Effect levels (fetuses)

Key result
Dose descriptor:
NOEL
Effect level:
1 000 mg/kg bw/day (nominal)
Based on:
test mat.
Sex:
male/female
Basis for effect level:
other: clinical signs

Fetal abnormalities

Key result
Abnormalities:
no effects observed

Overall developmental toxicity

Key result
Developmental effects observed:
no

Any other information on results incl. tables

Necropsy

Offspring: No treatment-related macroscopic abnormalities were detected for interim death or terminal kill offspring.

Applicant's summary and conclusion

Conclusions:
Under the conditions of the study, the No-Observed-Effect Level (NOEL) for systemic toxicity of the test material was considered to be 1000 mg/kg/day. No treatment-related effects on reproduction were evident and the NOEL for reproductive toxicity was considered to be 1000 mg/kg/day.
Executive summary:

A combined repeat dose toxicity study with reproduction/developmental toxicity screening study was performed in accordance to the standardized guideline OECD 422, under GLP conditions. The study is considered to be a key study and has been assigned a Klimisch score of 1.

Species, number and sex of animals, treatment conditions, clinical signs, behavioral assessments, food and water consumption, body weight measurements, hematology and blood chemistry are described. Test substance batch number is included in the study report, but certificate of analysis for test substance is not included in the study report.

Sprague-Dawley rats, 10/sex/group, 4 groups were dosed at 0, 50, 250, or 1000 mg/kg/day in arachis oil, by gavage for up to 54 consecutive days. Dosing formulations were analyzed and confirmed the concentrations using high performance liquid chromatography (HPLC).

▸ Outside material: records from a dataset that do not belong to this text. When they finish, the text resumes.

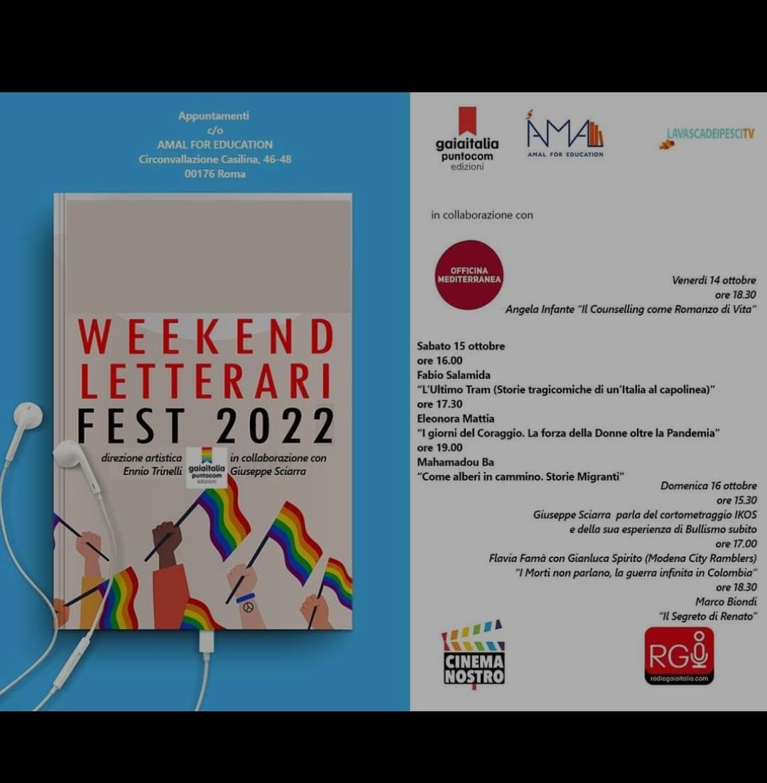 Mahamadou Ba sarà presente sabato 15 ottobre alle ore 19.00 al Weekend letterari Fest, presso il centro AMAL FOR EDUCATION, in via Casilina 46-48, Roma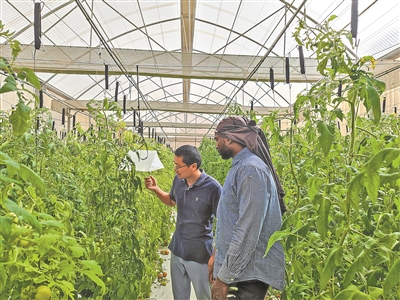 中国专家(左)在佛得角检查当地大棚蔬菜病虫害发生情况。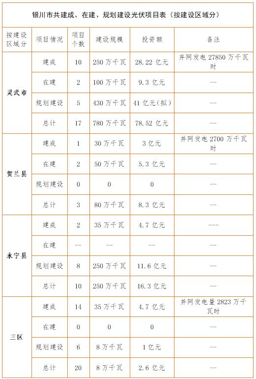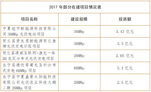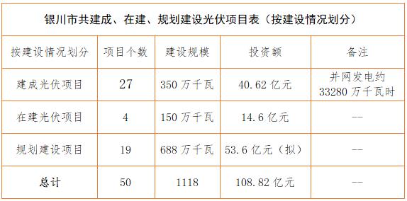 銀川市發(fā)改委項(xiàng)目資料顯示情況:截止2017年上半年,銀川市共建成、在建、規(guī)劃建設(shè)光伏項(xiàng)目50個(gè),建設(shè)規(guī)模1118萬(wàn)千瓦,投資約108.82億元。

Pairing of animals within each dose group was undertaken on a one male: one female basis on Day 15 of the study to produce litters.

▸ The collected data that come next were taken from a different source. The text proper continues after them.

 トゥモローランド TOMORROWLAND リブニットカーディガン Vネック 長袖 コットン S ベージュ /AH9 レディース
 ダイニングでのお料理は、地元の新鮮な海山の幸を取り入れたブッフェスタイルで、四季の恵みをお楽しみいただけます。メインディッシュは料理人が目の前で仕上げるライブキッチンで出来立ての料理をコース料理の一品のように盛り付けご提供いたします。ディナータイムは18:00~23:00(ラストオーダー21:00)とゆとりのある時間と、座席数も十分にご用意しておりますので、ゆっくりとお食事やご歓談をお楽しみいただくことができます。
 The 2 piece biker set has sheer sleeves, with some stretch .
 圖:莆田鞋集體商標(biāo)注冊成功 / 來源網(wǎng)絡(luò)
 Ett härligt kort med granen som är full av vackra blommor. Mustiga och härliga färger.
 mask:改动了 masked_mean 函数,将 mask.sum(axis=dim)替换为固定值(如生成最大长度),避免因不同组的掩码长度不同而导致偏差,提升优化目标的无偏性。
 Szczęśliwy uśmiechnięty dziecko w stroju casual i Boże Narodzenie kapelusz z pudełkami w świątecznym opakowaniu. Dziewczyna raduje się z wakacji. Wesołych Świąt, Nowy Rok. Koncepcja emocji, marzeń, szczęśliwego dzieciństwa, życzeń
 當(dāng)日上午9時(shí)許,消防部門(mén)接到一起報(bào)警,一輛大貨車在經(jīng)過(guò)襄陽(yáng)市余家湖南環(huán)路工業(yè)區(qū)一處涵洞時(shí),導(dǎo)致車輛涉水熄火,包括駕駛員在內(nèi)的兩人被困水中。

Clinical, behavioral, and functional observations, body weight, food and water consumption, hematology and blood chemistry were evaluated. During the lactation phase, clinical observations were performed on all surviving offspring, together with litter size and offspring weights and assessment of developmental landmarks. All animals were subjected to a gross necropsy examination and histopathological evaluation of selected tissues was performed.

One male in the 250 mg/kg/day group was found dead on Day 33, but this was considered unrelated to treatment. There were no other unscheduled deaths during the study.

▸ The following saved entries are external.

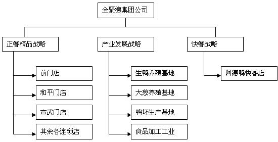 笔者在考察调研全聚德品牌战略时,获悉其发展目标是:以全聚德烤鸭为龙头、以精品餐饮为基业,通过有效的资本运营,积极审慎地向相关产业领域延伸,创造具有中国文化底蕴、实力雄厚、品质超凡、市场表现卓越、享誉全球的餐饮业世界级品牌。全聚德品牌的主要物质载体是全聚德烤鸭正餐,充分挖掘它的特色和优势,强化社会认知度,继续发展正餐全聚德烤鸭店,在北京、全国以至国际上仍有较大的发展空间和市场潜力。全聚德独有的个性和魅力,是其它后起之秀所不及的。但是,单一的全聚德烤鸭正餐,对于一个追求世界级品牌的企业来讲,其事业领域显得过于窄小,因此必须谋求品牌的合理延伸和产品多元化。即全聚德应该选择全面的事业品牌发展战略一一“正餐精品品牌战略”、“快餐品牌战略”和“食品加工业品牌战略布局。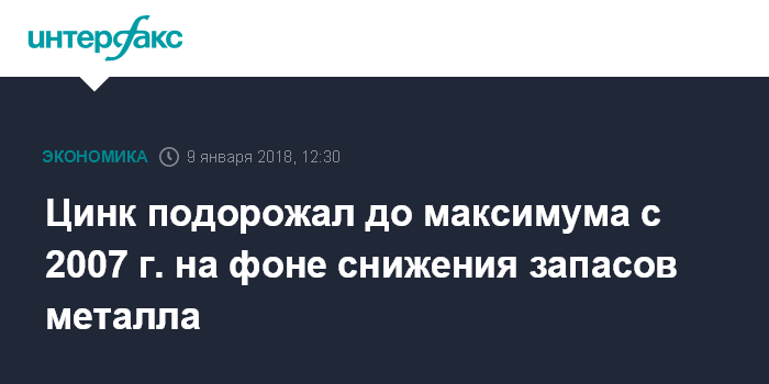 Москва. 9 января. INTERFAX.RU - Цена цинка во вторник выросла до максимума за 10 лет на фоне снижения глобальных запасов металла.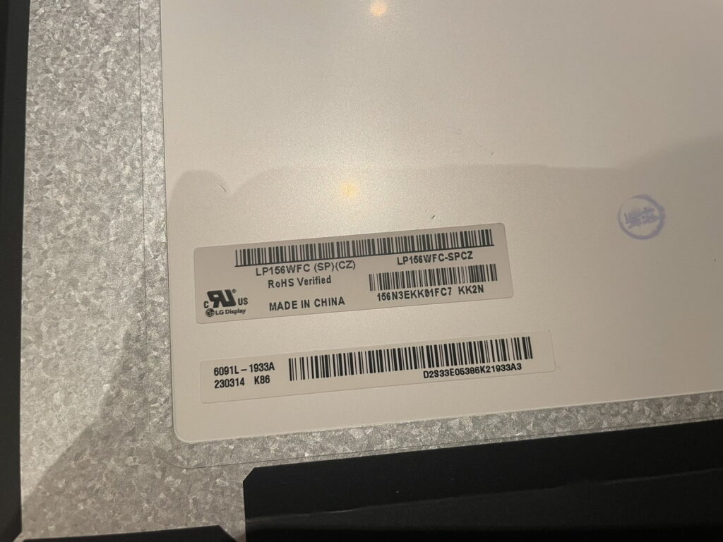 交換後のパネル型番はLP156WFC(SP)(CZ)、LP156WFC-SPCZ。

No treatment-related effects were noted in clinical, behavioral, and functional observations, sensory reactivity assessment, and hematology and blood chemistry. No adverse effect on bodyweight change, food and water consumption was detected for males throughout the treatment period, or for females during the maturation, gestation or lactation phases of the study.

There were no treatment-related effects in fertility, litter size, sex ratio, offspring viability and development, and little observations.

No treatment-related effects were noted in necropsy, organ weights, and histopathology.

The oral administration of the test material to rat by gavage at a maximum dose level of 1000 mg/kg/day did not result in any treatment-related effects. The No-Observed-Effect Level (NOEL) for systemic toxicity was considered to be 1000 mg/kg/day. No treatment-related effects on reproduction were evident and the NOEL for reproductive toxicity was considered to be 1000 mg/kg/day.